In many circumstances, it will be best for the buyer to complete new I-9 Forms and not to accept the seller’s I-9 Forms.  This is often the best approach for I-9 compliance, and it can be the best approach for other reasons.  Indeed, there can be various legal considerations that impact whether to treat the seller’s employees as new hires, with new terms and conditions of employment, or as continuing their employment.  Counsel should be consulted in any decisions on whether to accept existing Form I-9s or to complete new I-9 Forms.  This is particularly important in an asset transaction.

Stock Acquisition:  If the corporate transaction involves a stock purchase, the identity of the corporate employer will be the same.  Only the owner of the corporate employer will change.  Under these circumstances, the buyer may rely on the existing I-9 Forms.  Due diligence requires that the buyer carefully audit the seller’s I-9 Forms and gather information about the seller’s enforcement history with ICE.  The buyer should insist that the seller bring the I-9 Forms into compliance as much as possible prior to the closing.

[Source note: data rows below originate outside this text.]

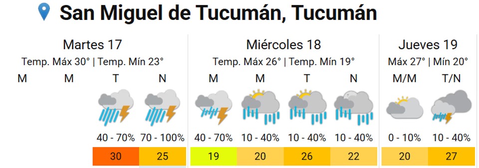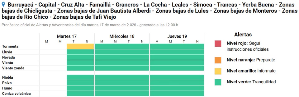 El área será afectada por tormentas de variada intensidad, algunas fuertes o puntualmente severas. Las mismas podrían estar acompañadas por actividad eléctrica frecuente, granizo, ráfagas de hasta 90 km/h y abundantes lluvias en cortos períodos. Se prevén valores de precipitación acumulada entre 25 y 50 mm, que pueden ser superados de manera local.
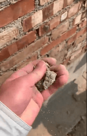 據(jù)了解,該消費者于3月初向當?shù)匾唤?jīng)銷商購買了10噸水泥蓋房子。房子即將封頂了,才發(fā)現(xiàn)水泥不凝固,目前還剩約7噸水泥。從消費者提供的視頻資料可見,水泥塊一捏即碎。
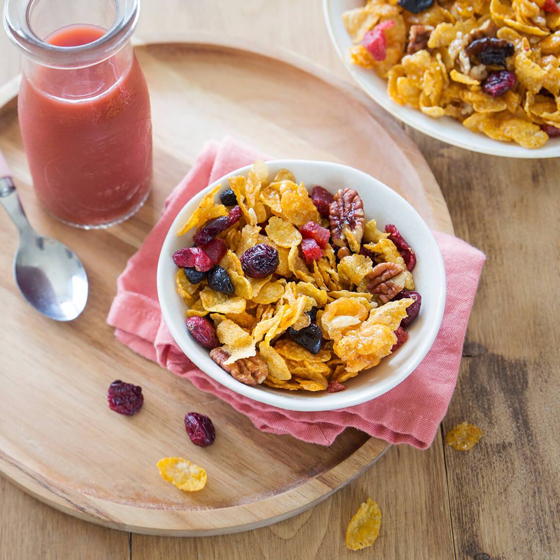 Each bite delivers a light, crunchy texture perfect for pairing with milk or yogurt.
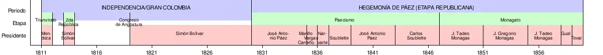- ↑ Fernández, Américo (10 de junio de 2013). «CRONOLOGÍA DE VENEZUELA / Américo Fernández: Separación de Venezuela de la Gran Colombia». CRONOLOGÍA DE VENEZUELA / Américo Fernández. Consultado el 18 de agosto de 2018.
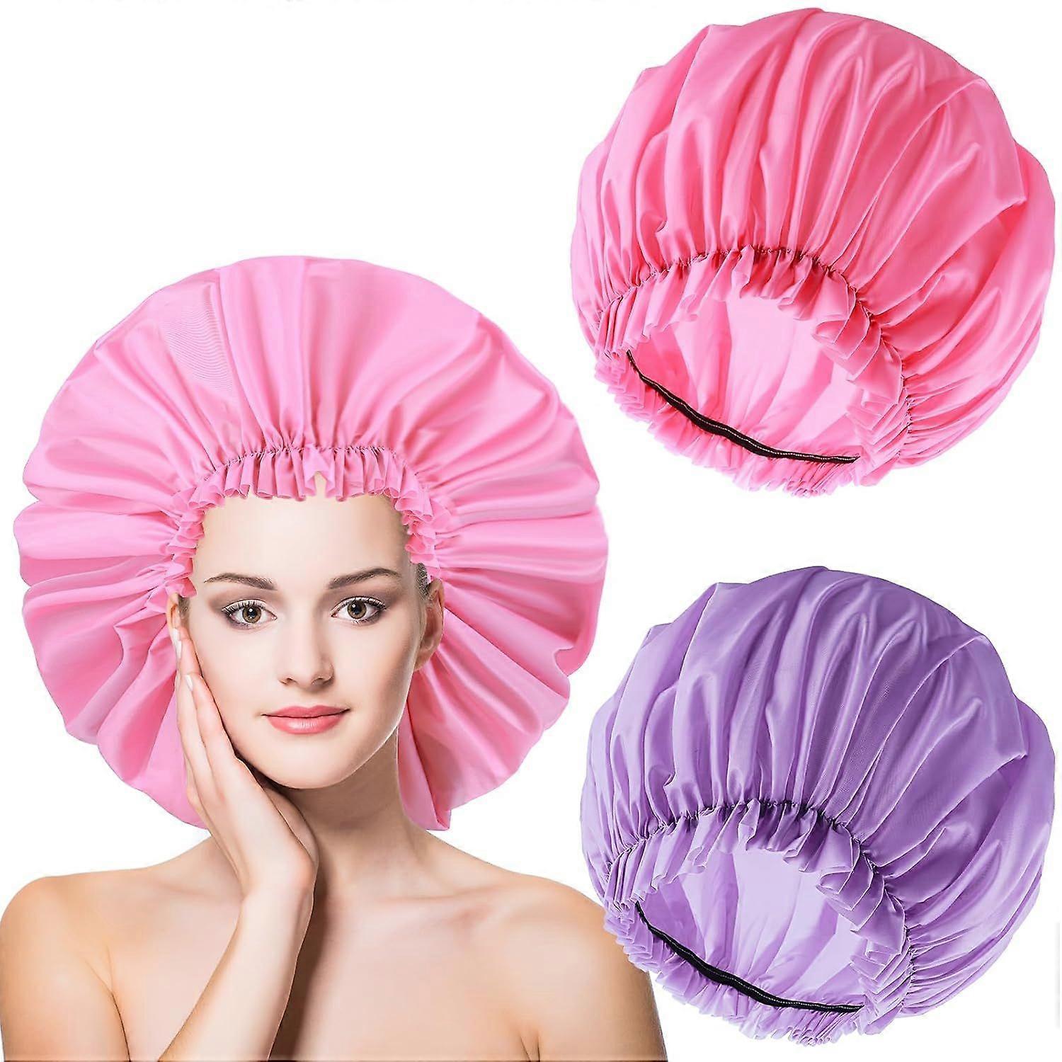 2 PCS Large Shower Cap for Braids - Waterproof Shower Cap for Women, Reusable XL
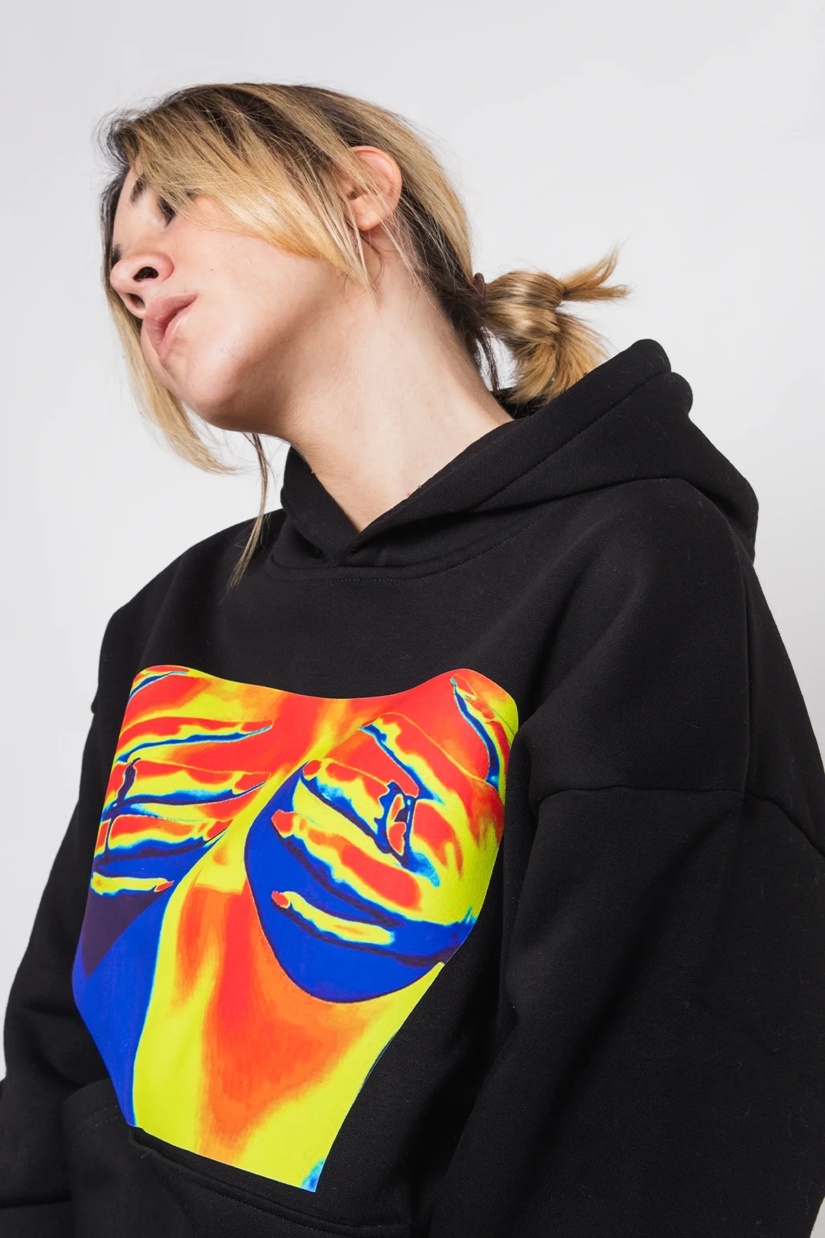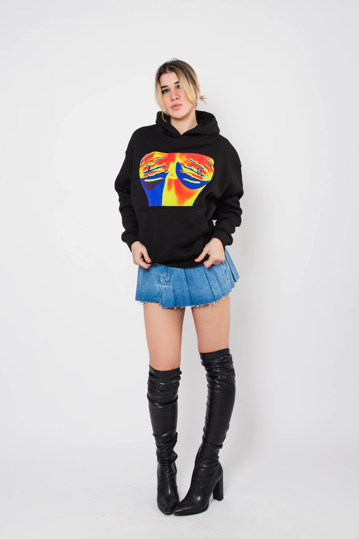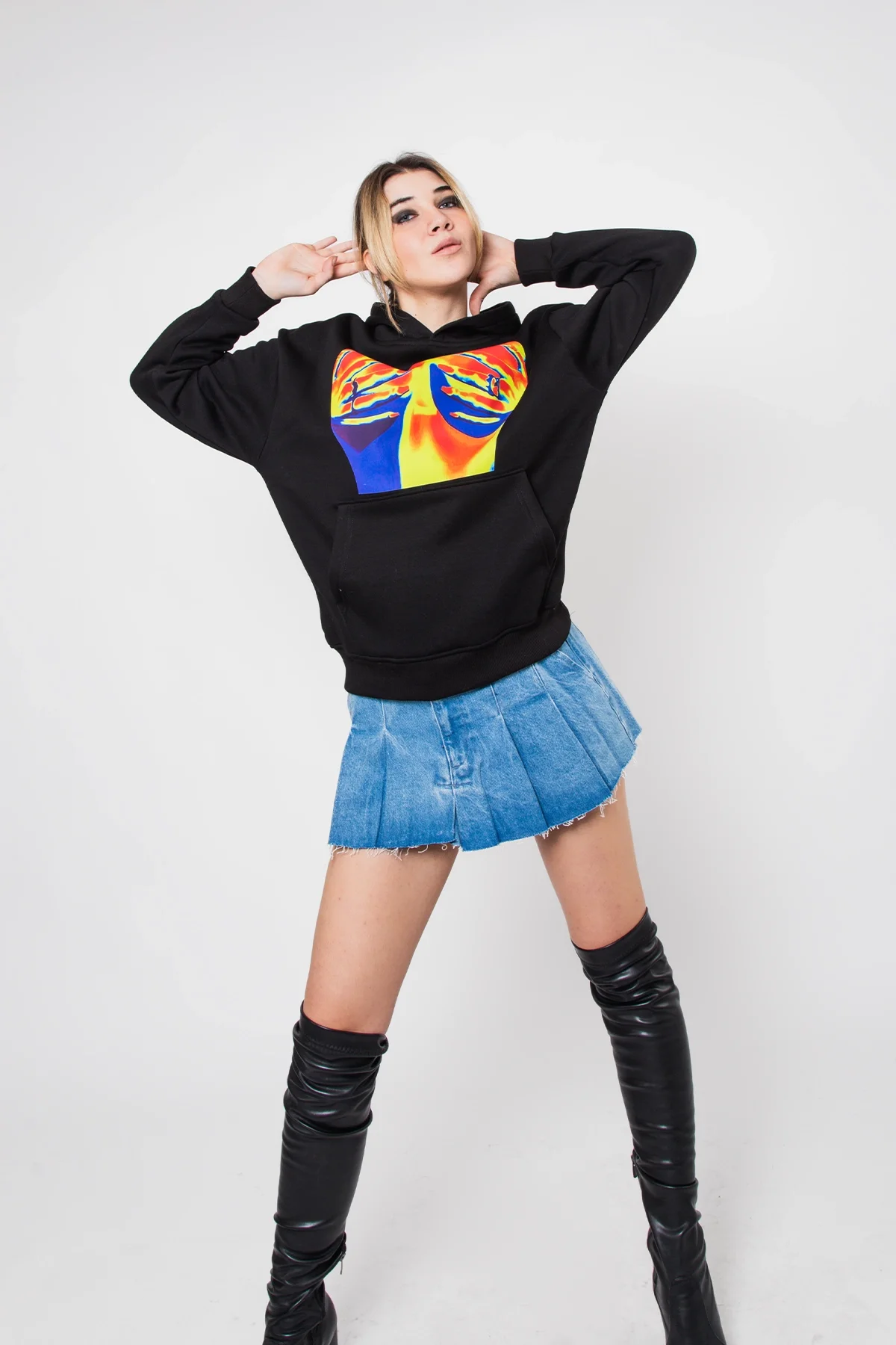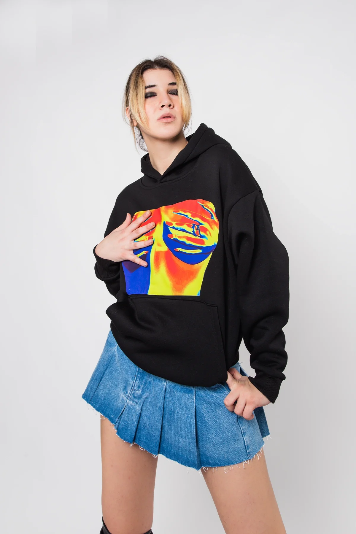 Thermal Boobs Baskılı Oversize Unisex Siyah Hoodie

I-9 Fine Schedule:  Employers also will face slightly higher fines in 2018 for I-9 violations and unfair immigration-related employment practices.  The following new I-9 fine schedule will apply for fines assessed on or after January 30, 2018:

  • I-9 Paperwork Violations: $224 to $2,236 per Form I-9.
  • Knowingly Employing Unauthorized Alien (First Order): $559 to $4,473 per violation.
  • Knowingly Employing Unauthorized Alien (Second Order): $4,473 to $11,181 per violation.
  • Knowingly Employing Unauthorized Alien (Third or More Order): $6,709 to $2,363 per violation.
  • Failure to Inform Government of Continuing Employment Following E-Verify Final Nonconfirmation: $779 to $1,558 per violation.
  • Document Abuse in I-9 process: $185 to $1,848 per violation.
  • Unfair Immigration-Related Employment Practices (First Order): $461 to $3,695 per violation.
  • Unfair Immigration-Related Employment Practices (Second Order): $3,695 to $9,239 per violation.
  • Unfair Immigration-Related Employment Practices (Third or More Order): $5,543 to $18,477 per violation.

Best Practice:  With the increase in both I-9 enforcement and the pace of corporate mergers and acquisitions, buyers should beware of potential I-9 liabilities before closing the deal.